# Anyone memorized the whole WLC?



## nwink (Oct 12, 2010)

Just curious if anyone on the PB has successfully memorized the whole Westminster Larger Catechism or knows someone who has. Now, I'm not asking so you can boast -- just curious is anyone has been able to do it!


----------



## JennyG (Oct 12, 2010)

I'm leaving that project until after I've finished memorising Scripture


----------



## Wayne (Oct 12, 2010)

I remember coming across notice in an old issue of the _Presbyterian Journal_ of a young man who had accomplished that feat. On a hunch I checked and he had gone on to become a pastor in the PCA. Can't remember the name just now, though.


----------



## Willem van Oranje (Oct 12, 2010)

JennyG said:


> I'm leaving that project until after I've finished memorising Scripture


 
I had friends in high school who had memorized the entire New Testament. That was when I was a member of the Assemblies of God, and they had grown up in the church memorizing Scripture.


----------



## Brother John (Oct 12, 2010)




----------



## Rev.
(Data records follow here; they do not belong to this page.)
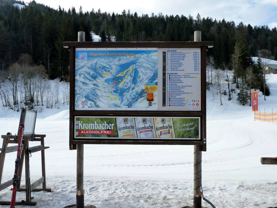 Het pisteplan geeft het skigebied Balderschwang met de Riedberger Horn en de Schelpen goed weer. Alle pistes en liften zijn met informatie aangegeven. Horecagelegenheden, parkeerplaatsen, loipes en de hoogtegegevens zijn ook vermeld.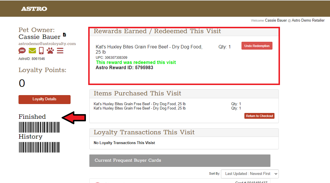 10. You should see the redemption under Rewards Earned/Redeemed this Visit. To save and close out the Astro part select Finished to go back to Vend.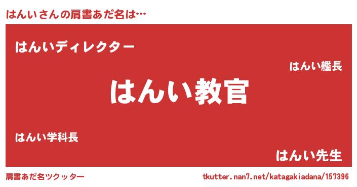 | 男性向けラノベタイトル風あだ名 | 『魔弾の王とはんい』『緋弾のハンイ』 |
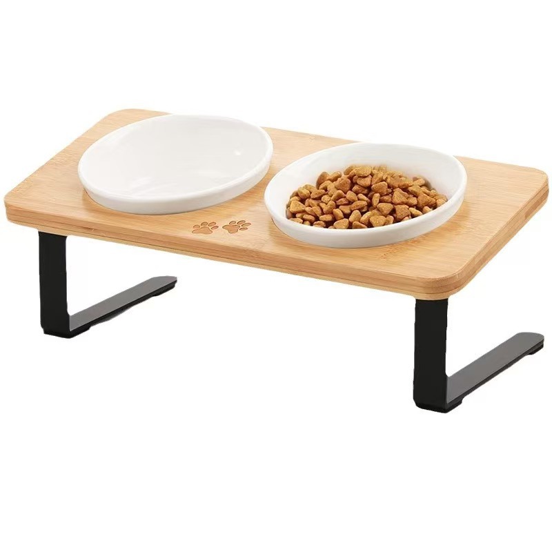 고양이 그릇 랙 나무 15도 기울어진 애완 동물 더블 그릇 먹이 랙 철과 나무 결합 개 식탁 넘어짐 방지 식기 랙스토어 가기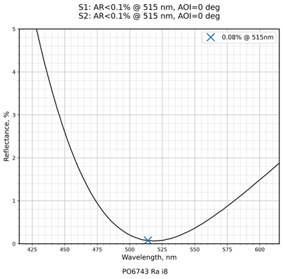 | 镀膜参数 | S1: AR<0.1%@515+1030nm / S2: AR<0.1%@515+1030nm | |||
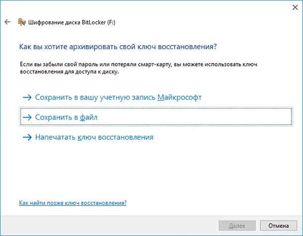 4. Сохраните ключ восстановления — можно в облаке Microsoft, на USB или распечатать.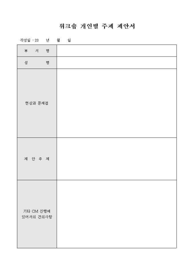 9,000원/월워크숍 개인별 주제 제안서로 부서명, 성명,현상과 문제점, 제안주제, 건의사항 등의 항목으로 구성되어 있습니다.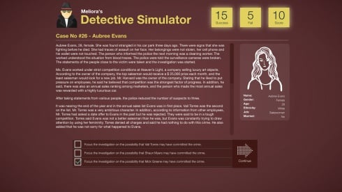 Игровой процесс выполнен в духе старой школы, однако при этом соединяющий механики олдскульных текстовых приключений с современным элементами и жанрами, включая RPG, симулятор, визуальную новеллу и т.д. Выбрав задание, которое собираетесь раскрыть, необходимо изучить всю доступную информацию.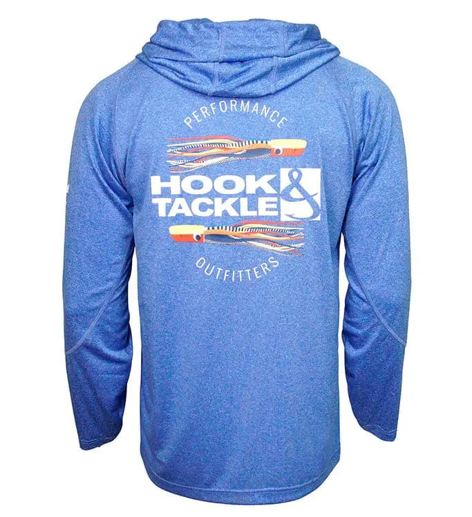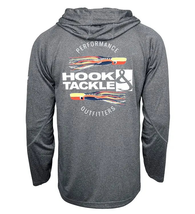 Protect yourself from the sun’s harmful UV rays with the Hook & Tackle Offshore Lures Hoodie performance fishing shirt. Proprietary Solar System UPF 50+ rated fabric incorporates the latest sun protection technology. Wicked Dry & Cool fabric technology wicks moisture from the skin to enhance your comfort level. Designed with radial sleeves to allow you a full range of movement when casting or reeling in.
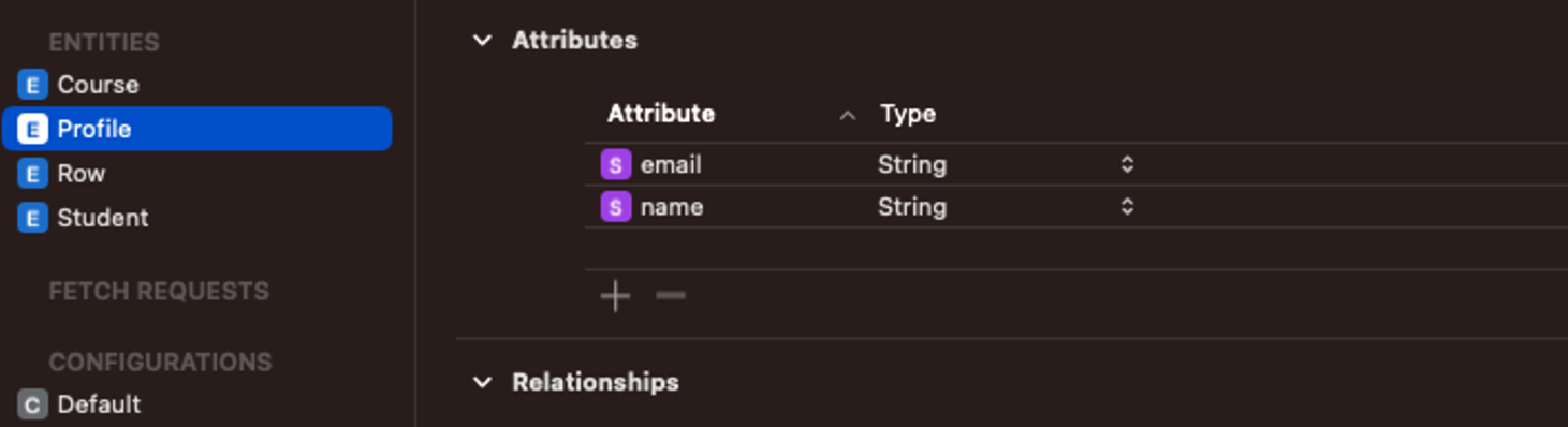 Entity를 만들었으면 addAttribute를 눌러서 그 안에 어떤 속성들을 저장해 줄 것인지 설정해 주면 됩니다. Profile이라는 Entity 내에 email, name이라는 속성들을 저장해주고 싶다면 이렇게 해주면 되겠죠? 그리고 타입까지 잘 설정해 줍니다!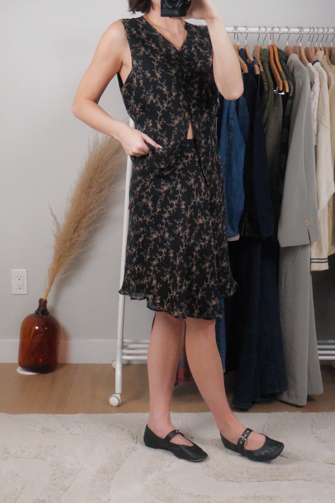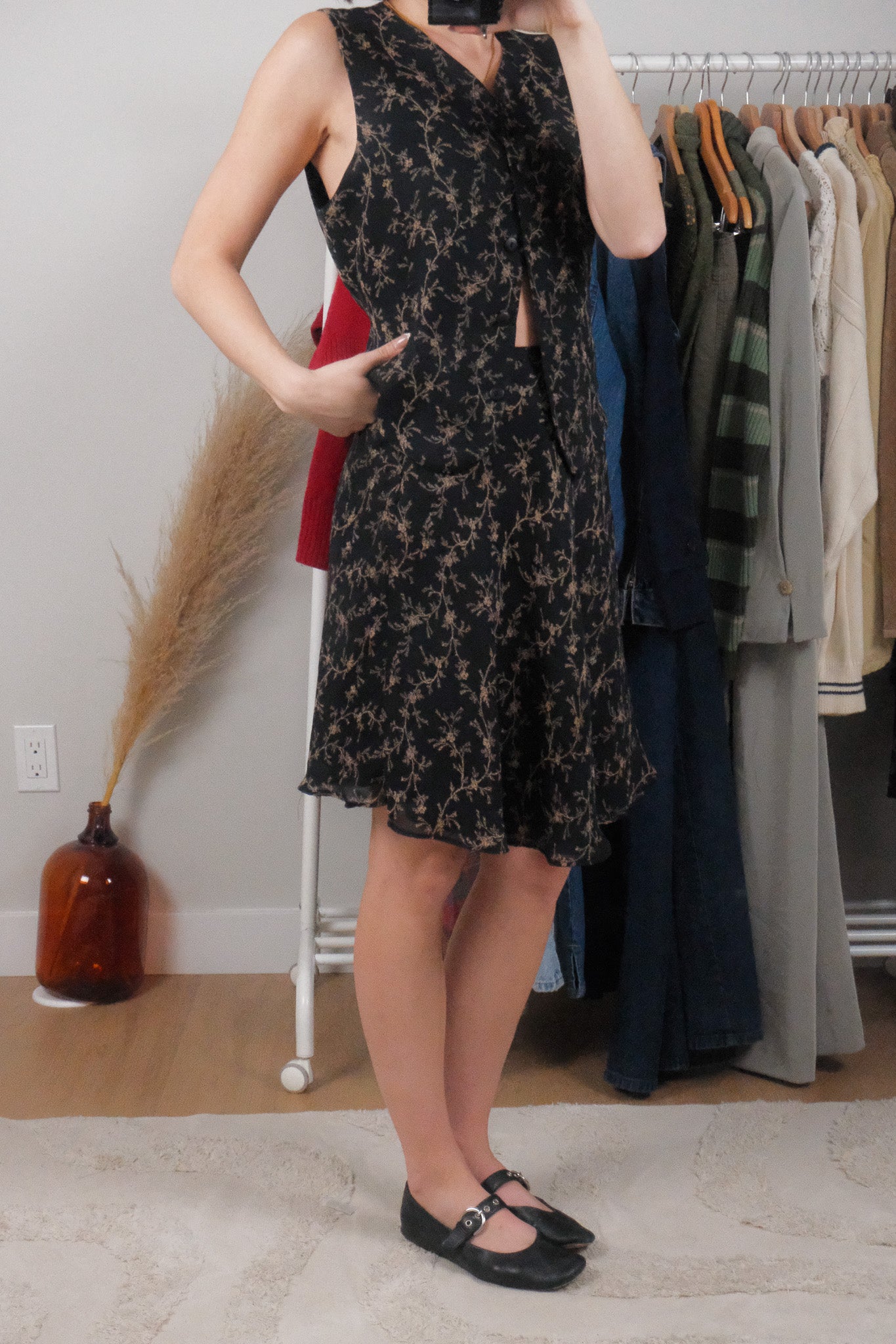 Measurements: Skirt - Waist - 26" (has additional stretch) - 22" / Length -46" Vest - Ptp - 20" / Length - 19"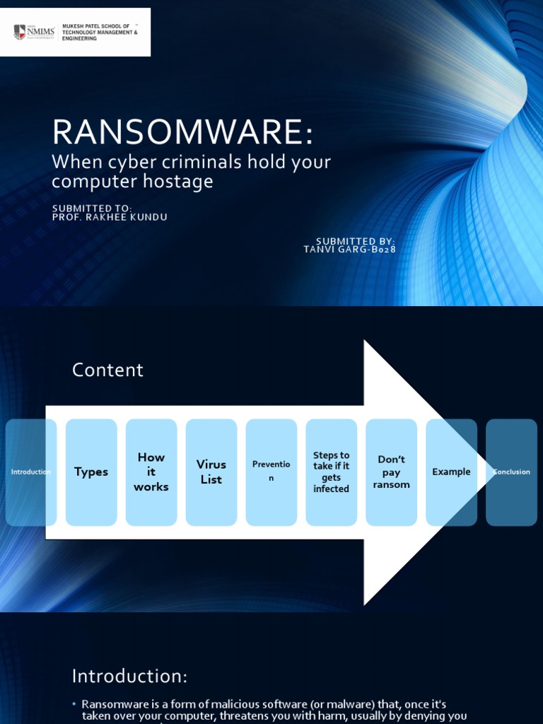 • Ransomware is a form of malicious software (or malware) that, once it's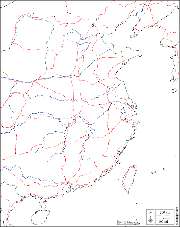 d-maps > एशिया > चीनी जनवादी गणराज्य > पूर्वी चीन > सीमाओं, जल-सर्वेक्षण, मुख्य शहरों, सड़कों, सफेद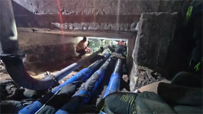“這個涵洞只有60公分高,施工作業面極度狹小,進去后只能匍匐在地上,沒辦法按照常規方式處置。再加上臨近春節,施工隊、混凝土還有專業設備調用困難,為搶險工作增加了一定難度。”現場負責人介紹。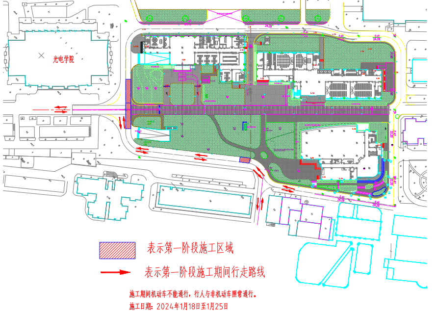 我校軍工路516號校區(qū)改擴建工程教學(xué)樓標(biāo)段正在室外總體施工,計劃開始道路施工,屆時將封閉勤勉大道局部道路(光電學(xué)院門前東側(cè)),為保證行人通行,該區(qū)域施工將分為兩個階段(見附圖):第一階段施工日期為1月18日至1月25日(混凝土道路養(yǎng)護(hù)時間至2月5日),第二階段施工時間為1月26日至2月5日(混凝土道路養(yǎng)護(hù)時間至2月15日)。第二階段施工時間內(nèi),請需到達(dá)勤勉大道以南校園區(qū)域及四公寓、五食堂的機動車從軍工路516號大門駛?cè)?,請需到達(dá)圖書館方向的機動車從軍工路580號大門駛?cè)耄怆妼W(xué)院西側(cè)繞行。

Todd Ruddell (Oct 13, 2010)

I personally know two who have memorized and recited the LC.


----------



## MLCOPE2 (Oct 13, 2010)

No, but I did stay at a Holiday Inn Express last night!


----------



## fishingpipe (Oct 13, 2010)

I remember a young lady being recognized for that achievement when I was in an ARP church. It was mentioned in the ARP magazine that was sent out, I believe. But I did not know her personally.


----------



## CharlieJ (Oct 13, 2010)

I'm not even sure I view such a feat as a good use of my time or memory. Of course, I think memorization (other than Scripture) in general is overrated.


----------



## nwink (Oct 13, 2010)

CharlieJ said:


> I'm not even sure I view such a feat as a good use of my time or memory. Of course, I think memorization (other than Scripture) in general is overrated.


 
Charlie, whenever I've memorized Scripture or Catechism (WSC), I've greatly benefited from meditating on the truth conveyed. Obviously, the Scripture is the very Word of God and sharper than a two-edged sword, and there are other uses for memorizing Scripture more than for purposes of meditation (like quoting/recalling it in times of temptation, etc),...but I've found meditation on the Catechism very helpful as I meditate on the applications of the 10 Commandments in my life, learn what the petitions in the Lord's Prayer mean and how I can pray accordingly, etc. Memorizing the Catechism is a very helpful way of learning and meditating on the overall teachings of Scripture and their applications.


----------



## CharlieJ (Oct 13, 2010)

I think you're right, Nathan. My earlier response was dictated by my stage in life right now; I'm doing academic work which has me sifting through enormous stacks of primary and secondary literature. I burn through about a book a day. I couldn't imagine spending that sort of time on a single document.

As long as memorization is not mistaken for comprehension, I suppose it's a great thing for a Christian to do.


----------



## Pilgrim Standard (Oct 13, 2010)

It would be wonderful to be able to memorize the "Proof Texts" for the WLC/WSC. 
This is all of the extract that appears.